The first example is a physics problem dealing with pulleys. The problem is solved using a sentential representation, then with a diagrammatic representation. The key difference is with respect to search. The diagrammatic representation includes an attentional mechanism which focuses attention on the part of the diagram about which information has just been inferred. In the end, a subsection on "Computational Power in Inference Rules" discusses the notion of using higher-level inference rules instead of lower-level ones from which the higher-level ones could be derived. This discussion seems very relevant to my more general efforts.

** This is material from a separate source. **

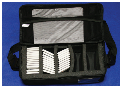
Turning point voting system (at least 35 handsets)

The second example is a geometry example involving transversals of parallel lines and congruent triangles. Two significant problems here are that (1) many objects referred to in the problem are not explicitly introduced but are perceptually obvious from the diagram and (2) some higher-level concepts (such as "alternate interior angles") can be defined in terms of perceptual entities, but may not be perceptually obvious themselves. The first problem is overcome in the sentential representation by taking the information given in the original problem and inferring other elements by perceptual productions. The second problem is overcome by writing the productions completely in terms of the lower-level, perceptual elements (using the definitions of the higher-level concepts). Of course, this leads to productions with many conditions to be matched. In the sentential representation, the WME's must be searched linearly to match each of these conditions. In the diagrammatic representation, due to the localization of information, the number of searches is related to the number of locations referenced by the conditions instead of the number of conditions. In this manner, the diagrammatic representation reduces search. More importantly, the diagrammatic representation enhances recognition, since instead of explicitly deriving all the perceptual elements as in the sentential representation, this information is already represented in the diagrammatic representation (though the details of this representation are not given).
Finally, some "artificial" examples of diagrams are briefly considered from economics (supply and demand curves) and physics.